LimmudFest is families with children, singles, retirees, couples of all forms (the youngest attendee this year was 2 months old, while the oldest was 90) and seeks to create an engaged and welcoming environment where everyone is valued for what they help build and contribute to the shared learning and experience of the community.

At LimmudFest a Lubavitcher can unself-consciously describe his conversation with an out lesbian as simply “two Jews talking Yiddishkeit.”

The Limmud movement (limmud is Hebrew for “learning”) began in England in the 1970s and has spread throughout the world. The essence of Limmud is that it is a volunteer-driven movement (Limmud Atlanta+Southeast has one half-time paid administrative assistant) committed to the vision that everyone is a learner and everyone is a teacher.

Additionally, Limmud presenters receive no payment, and titles are not used. Everyone is there to share, to build and to grow.

Limmud came to Atlanta in 2008 and for several years was a one-day event held at Oglethorpe University before moving to a multiday event over Labor Day weekend at Ramah Darom. As one of the few multiday Limmud gatherings in the United States, LimmudFest has drawn the attention of individuals hoping to establish Limmud programs in other cities and countries and has become a model for programming throughout the Limmud world.

In fact, preceding this year’s LimmudFest, Limmud Atlanta+Southeast hosted representatives from several Limmuds in the United States and Canada to discuss the creation and structure of a Limmud North America umbrella organization.

LimmudFest is klal Yisrael at perhaps its best, a community engaged in learning, sharing, eating, drinking and talking. It is driven by dozens of volunteers, most in their 20s and early 30s, who spend hours planning the programming, organizing the davening, coordinating the schedule and handling the myriad of details the weekend requires.

Led ably by this year’s chairs, Sandrine Simons and Whitney Kweskin, the volunteers delivered a weekend of fun and meaning.

The learning at LimmudFest is intense, deep and eclectic. This year’s sessions addressed a diverse array of subjects and themes — contemporary and timely, historical and universal.

Several sessions took on the issues of mental illness and addiction in the Jewish community. Some sessions asked what makes a text sacred or cheese and wine kosher. Still others examined the history and halachah of Jews and agriculture, and yet others invited us to examine the daily life of the Safed kabbalists.

An entire series of sessions was dedicated to the topic of Zionism, including an examination of the founding documents of Zionism and the struggle within Zionism to define and create the new Jew to populate the restored homeland. We made cheese from goat’s milk and tallitot from duct tape while children and youths were engaged in their own camp within a camp.

We enjoyed Jewish-themed music from the Cohen Brothers Band and Joe Buchanan, whose roots and Americana-based songs gave us reflective and meaningful insights into Judaism and our religious journeys. And we laughed along with Amanda Marks, whose stand-up routine reflected on the life complexities of a modern Jewish woman.

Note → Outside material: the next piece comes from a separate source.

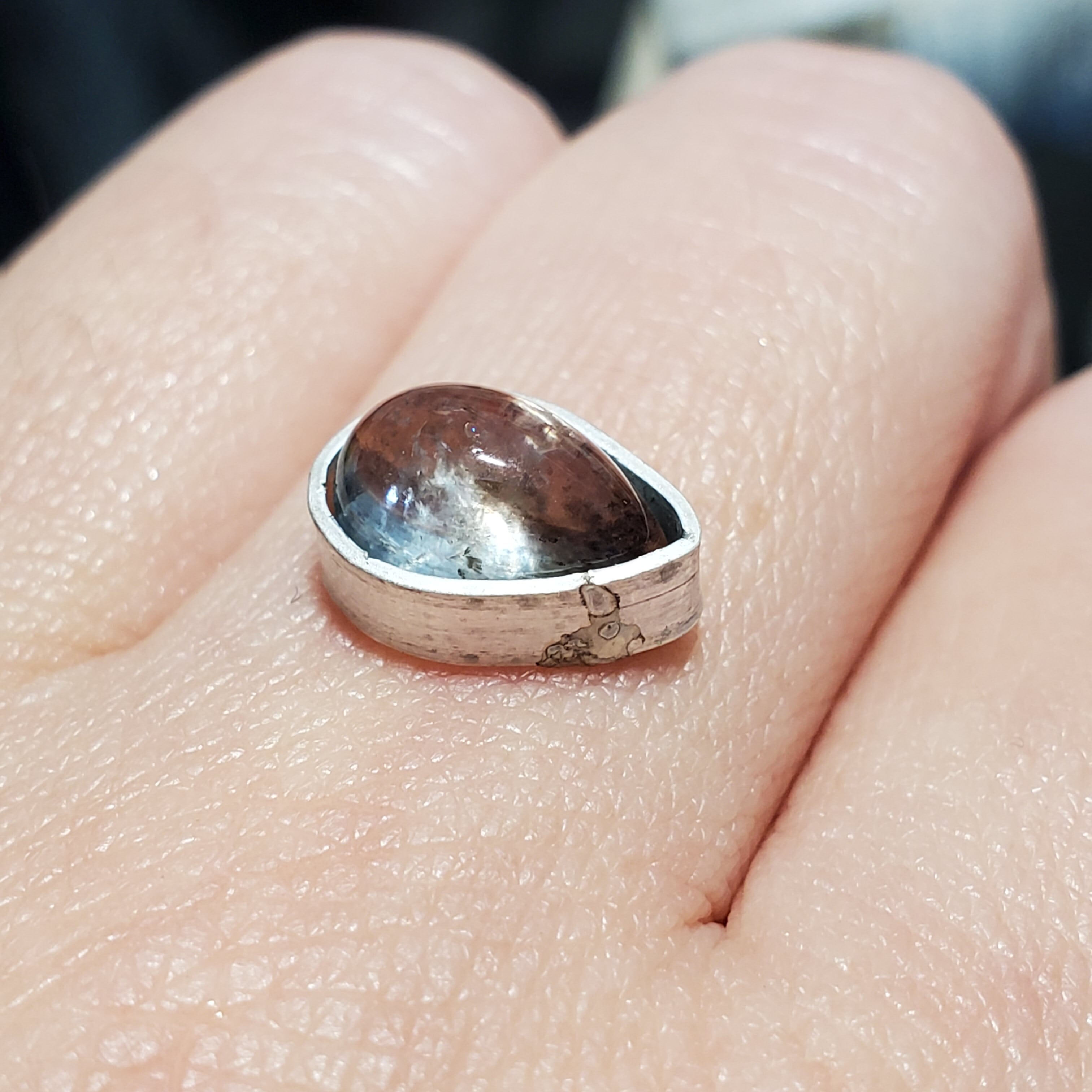 こちらはアクアマリンの中にイルメナイトが入っています。石の中の薄い朱色のもやもやがイルメナイトです。
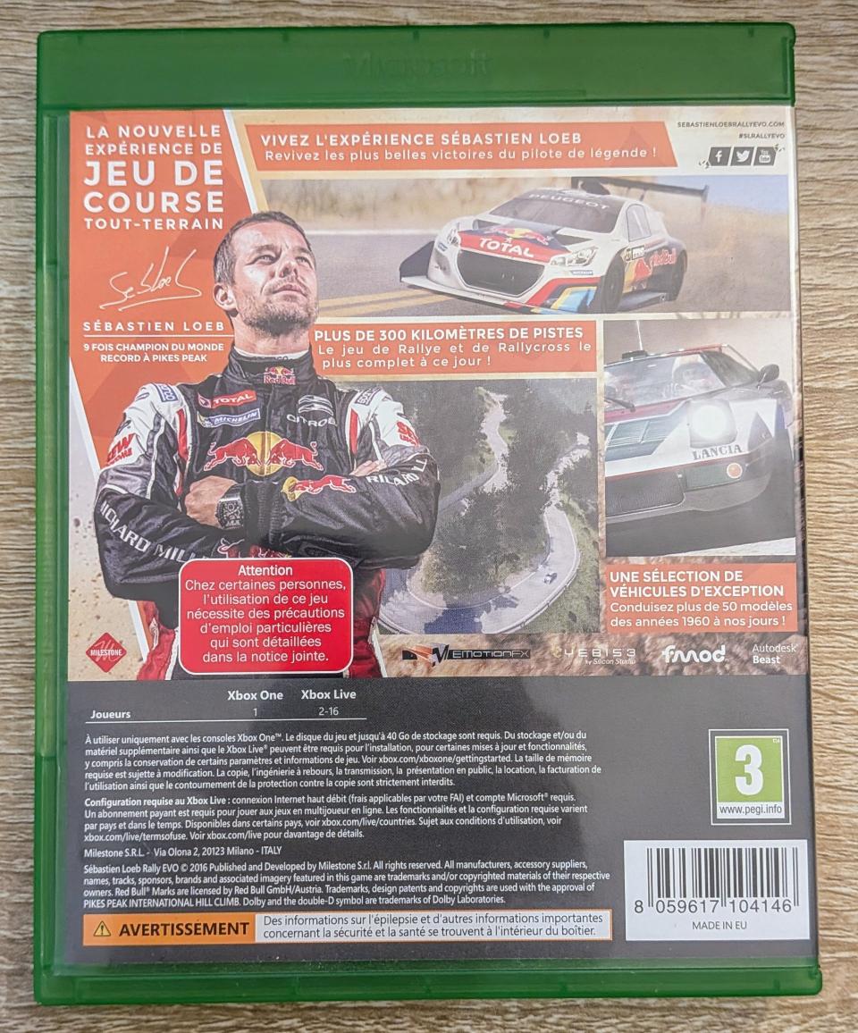 L2 - Sebastien Loeb Rally Evo Xbox One - EAN : 8059617104146 - ARTICLE OCCASION EN TRES BON ETAT GÉNÉRAL - BOITIER ORIGINAL - JEUX JOUABLE EN FRANCAIS - LIVRAISON ULTRA RAPIDE EN COLIS SUIVI PROTÈGE - COVER FR

We also prayed. Three formal minyanim, plus options incorporating yoga, chanting and nature walks. We said Kiddush and Motzi, and, yes, we joined with those who needed to say Kaddish.

We sang and talked. And we celebrated our Judaism and our Jewishness in all their forms and all their glories. We did it with joy, we did it with seriousness, and we did it together, a community where Jews of all beliefs, ages, colors, genders, families and commitments lived and learned together in joy and hope.

Edward Queen was a program co-chair at LimmudFest 2016.